Cheesy Egg-Stuffed Portobello Mushrooms (Low-Carb Keto Breakfast Idea)

A Hearty, Cheesy Start to Your Day (Without the Carbs!)

When you're following a keto lifestyle, breakfast can start to feel repetitive—eggs, bacon, repeat. But what if you could enjoy something gourmet and low-carb with just a handful of simple ingredients?

Enter: Keto Cheesy Egg-Stuffed Portobello Mushrooms. These savory mushroom “cups” hold a perfectly baked egg topped with melty mozzarella and sharp Parmesan. It’s all the breakfast flavor you crave—without the carbs or the hassle.

Whether you're meal prepping for the week or making a lazy weekend brunch, this recipe hits the spot every time.

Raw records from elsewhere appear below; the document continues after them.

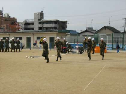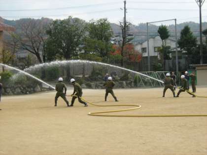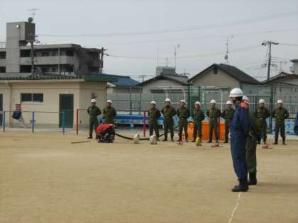 写真は,左京消防分団修学院分団員による「小型動力ポンプ」を用いた放水操作訓練の様子です。命令と共に活動し,活動終了後は次の活動のための準備を行いながら片づけをするなどきびきびとした態度の中で操作が行われました。
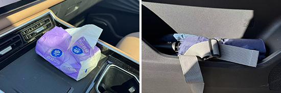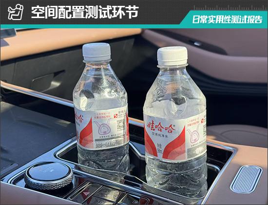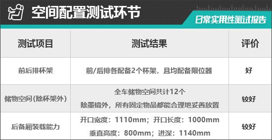 对车内使用空间的检测,仅针对前排触手可及的空间,不包括手套箱、中央扶手箱等需要启动的空间。测试方法是将以下所有固定物品放置在前排的每一个储物空间中,通过固定物品的放置状态来判断车辆储物空间的性能。检验选定的固定物体如下:2 一瓶常规大小的矿泉水, 大屏幕手机,1 支口红、1 个挎包、1 副墨镜、1 把折叠伞和 1 包装常规尺寸的抽纸。
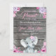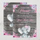 Girl Elephant Baby Shower, rustic, pink purple Invitation

Recipe: Keto Cheesy Egg-Stuffed Portobello Mushrooms

Servings: 4
Prep Time: 10 minutes
Cook Time: 20 minutes
Total Time: 30 minutes

Ingredients

  • 4 large Portobello mushrooms, stems removed and gills scraped out

  • 4 large eggs

  • ½ cup shredded mozzarella cheese

  • ¼ cup grated Parmesan cheese

  • 2 tablespoons olive oil

  • ½ teaspoon garlic powder

  • ¼ teaspoon salt

  • ¼ teaspoon black pepper

  • 1 tablespoon fresh parsley, chopped (for garnish)

Instructions

1. Preheat the Oven

Preheat your oven to 375°F (190°C). Line a baking sheet with parchment paper for easy cleanup.

2. Prepare the Mushrooms

Clean each mushroom cap gently using a damp paper towel.
Remove stems and scrape out the dark gills with a spoon to make space for the filling.
Brush both sides of each mushroom with olive oil, then sprinkle with garlic powder, salt, and pepper.

3. Pre-Bake the Mushrooms

Place mushrooms gill-side up on your lined baking sheet.
Bake for 8 minutes to help release moisture.
Once done, carefully pat dry the inside with paper towels to prevent sogginess.

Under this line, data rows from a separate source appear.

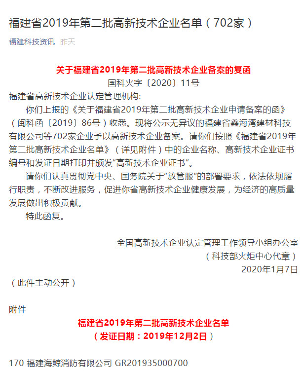 2020年1月7日,國家高新技術(shù)企業(yè)認(rèn)定工作網(wǎng)上公布了福建省2019年第二批擬認(rèn)定高新技術(shù)企業(yè)名單,福建海鯨消防有限公司順利通過2019年高新技術(shù)企業(yè)審核。
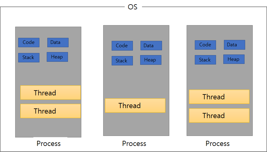 즉 프로세스는 하나 이상의 쓰레드를 가지고 있다고도 말할 수 있다.
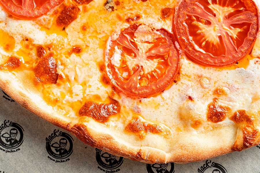 Состав: мука, сыр Моцарелла, соус томатный, помидоры, сыр Пармезан, масло оливковое, дрожжи, чеснок, травы, специи.

4. Fill with Eggs & Cheese

Crack one egg into the center of each mushroom cap.
Top evenly with shredded mozzarella and grated Parmesan.

5. Bake Until Set

Return the tray to the oven and bake for 12–15 minutes, or until egg whites are set.
For a runnier yolk, check at the 12-minute mark; for a firmer yolk, bake slightly longer.

6. Garnish and Serve

Sprinkle with fresh chopped parsley just before serving.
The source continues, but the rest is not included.